There are several consequences of this method. The first one is that, obviously, it is operating system-specific. The kernel is shared so the individual "guest" virtual machines cannot choose to run some other kernel. A specific edge case for FreeBSD is that jails can run any userland the kernel supports; in particular this means that, for example, an older version of FreeBSD userland (like FreeBSD 4 - not that it will matter since the kernel is 8.x) can be used, or a Linux userland. The second major consequence is that all resources really are shared. Most importantly, the CPUs and memory are shared and this can be either a good thing or a bad thing, depending on specific usage scenarios. Jails can be restricted to specific CPUs if needed with the granularity of a logical CPU, but there is currently no such limits available for memory sharing (though some are in development). As a consequence, disk caches are shared among the guests, which can be very nicely exploited by using nullfs to mount across jails (keeping only one physical copy of libraries and other binaries). The network stack is currently also shared, though there is work to introduce more virtualization in it. As a special feature ready right now, up to 16 separate forward information bases (FIBs) can exist.

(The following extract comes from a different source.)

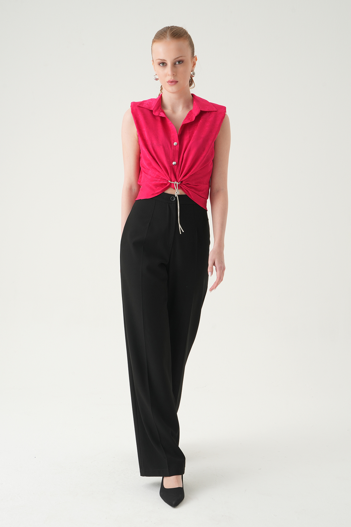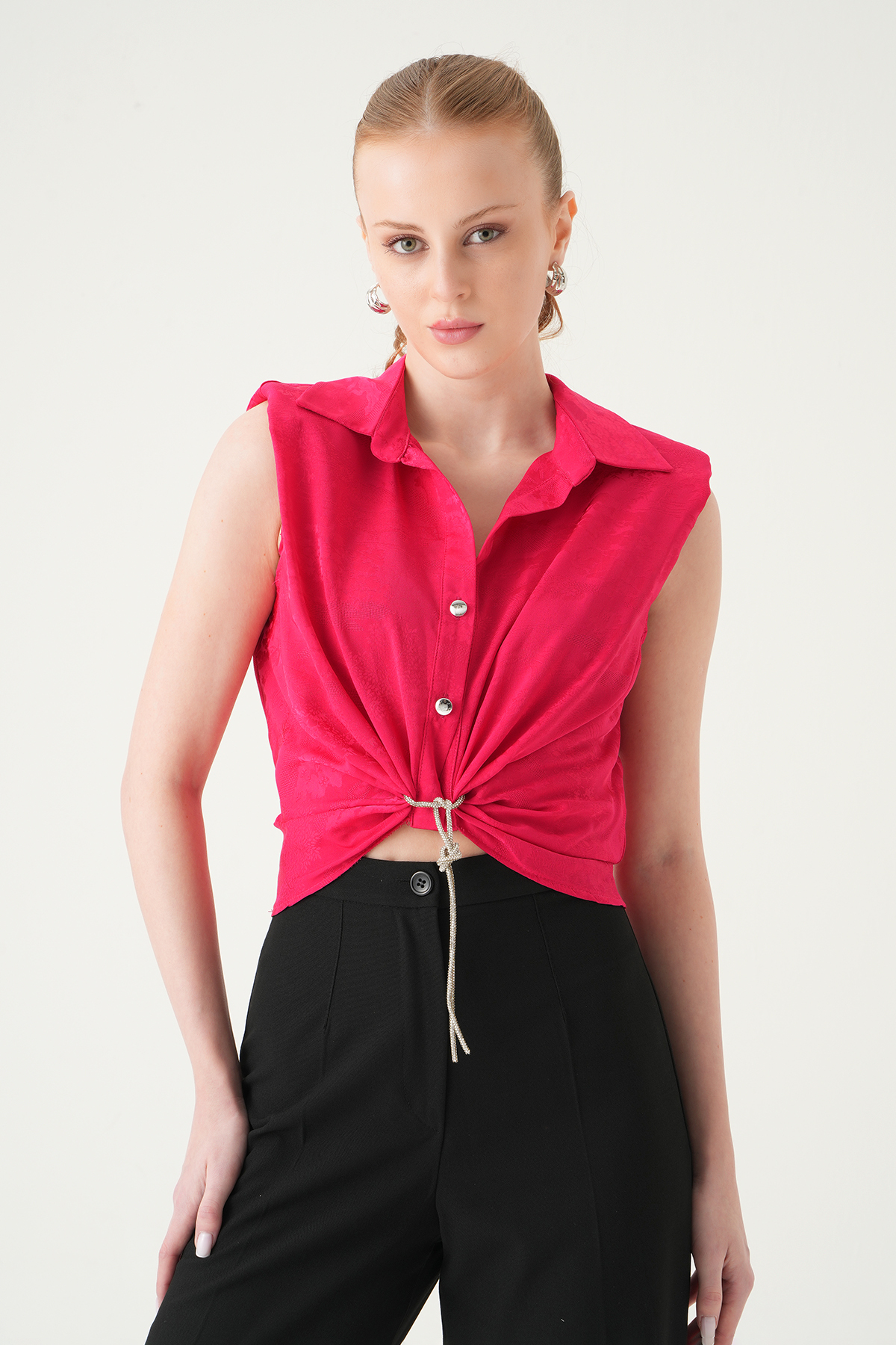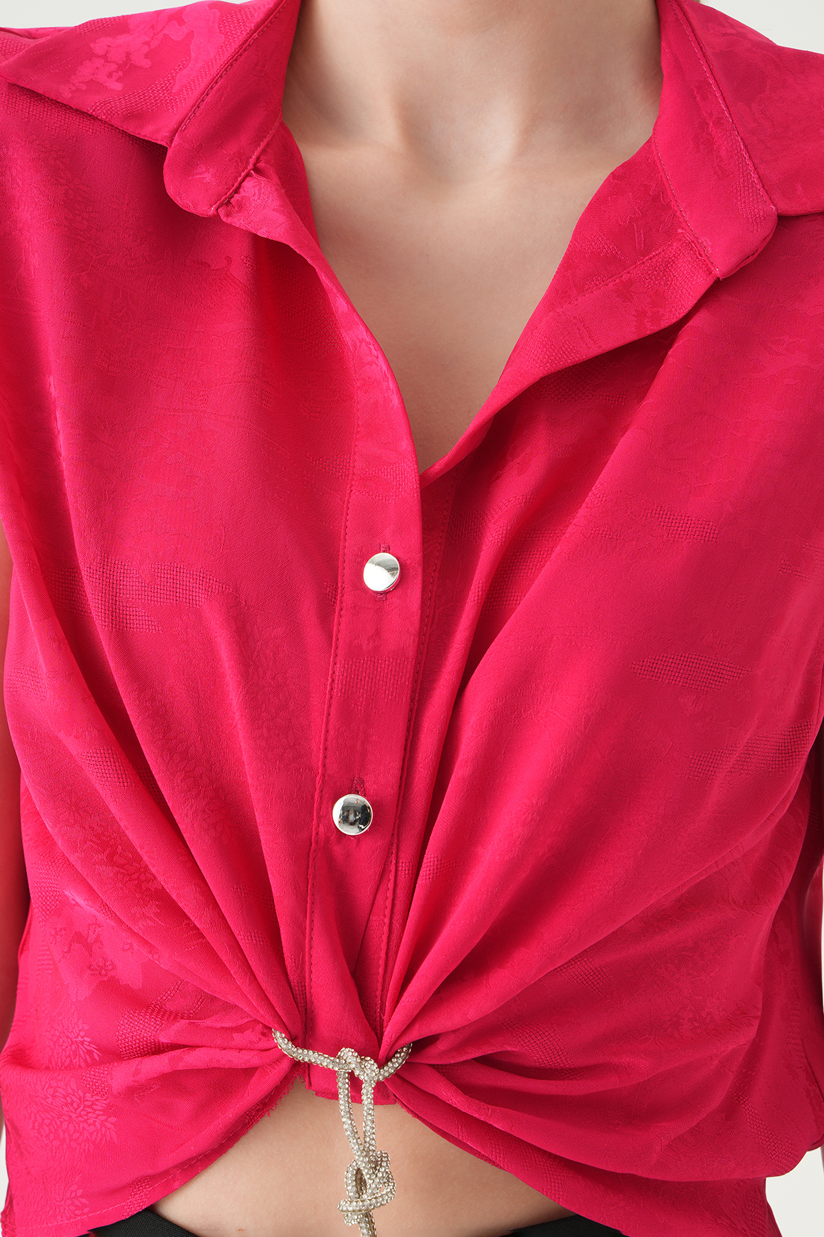 Fuşya Sıfır Kol Bağlamalı Gömlek 251166

I'd like to emphasize once again how cheap (with regards to resource comsumption) this sort of virtualization is - in practice, it is not much different than starting N times the set of basic processes, of which each will behave like it normally does.

The 1000 jails challenge

FreeBSD has jails integrated with the overall system and that extends to their startup and shutdown. By default, all common jail configuration can be done in exactly the same way as the rest of the system is configured - in /etc/rc.conf. Some additional files may be needed per-jail, like a jail-specific fstab.

To automate the creation of all that configuration I wrote a simple script, mkjails.py which generates the configuration files for a set of 1000 identical light jails. Each individual jail will have these properties:

  • It will null-mount the relevant binary directories from the host (like /bin, /usr/bin, /lib, /usr/lib, etc.) but will have its own /etc, /var and /usr/local
  • It will have its own single IP address
  • It will start with a set of default FreeBSD processes like cron, syslog and sshd

Each jail will have its own configuration and after it is created is practically ready to be handled to an independant administrator who will be root within the jail. This administrator will be able to do everything to the system except upgrade its kernel and base userland (e.g. the admin will be able to install apache and have complete control over it, but will not be able to upgrade /bin/ls).

A single section of rc.conf.jails (geneated by mkjails.py for a single jail) looks something like this:

jail_j0001_rootdir='/jails/j0001'
jail_j0001_mount_enable='YES'
jail_j0001_fstab='/jails/fstab_j0001'
jail_j0001_hostname='j0001.cosmos'
jail_j0001_ip='10.0.1.3/16'
jail_j0001_interface='em0'

The properties described above mean the host system ended up with 1001 IP addresses assigned to a single NIC and with more than 14,000 individual mount points for the nullfs mounts.

One particular technology not shown here is the integration between jails and ZFS, which enables jail roots to administrate ZFS properties, including creation of file systems.

Without much more talk, here is what starting 1000 jails looks like:

OGG THEORA VIDEO

(for the impatient, feel free to skip to 29:45 for a bit less boring view)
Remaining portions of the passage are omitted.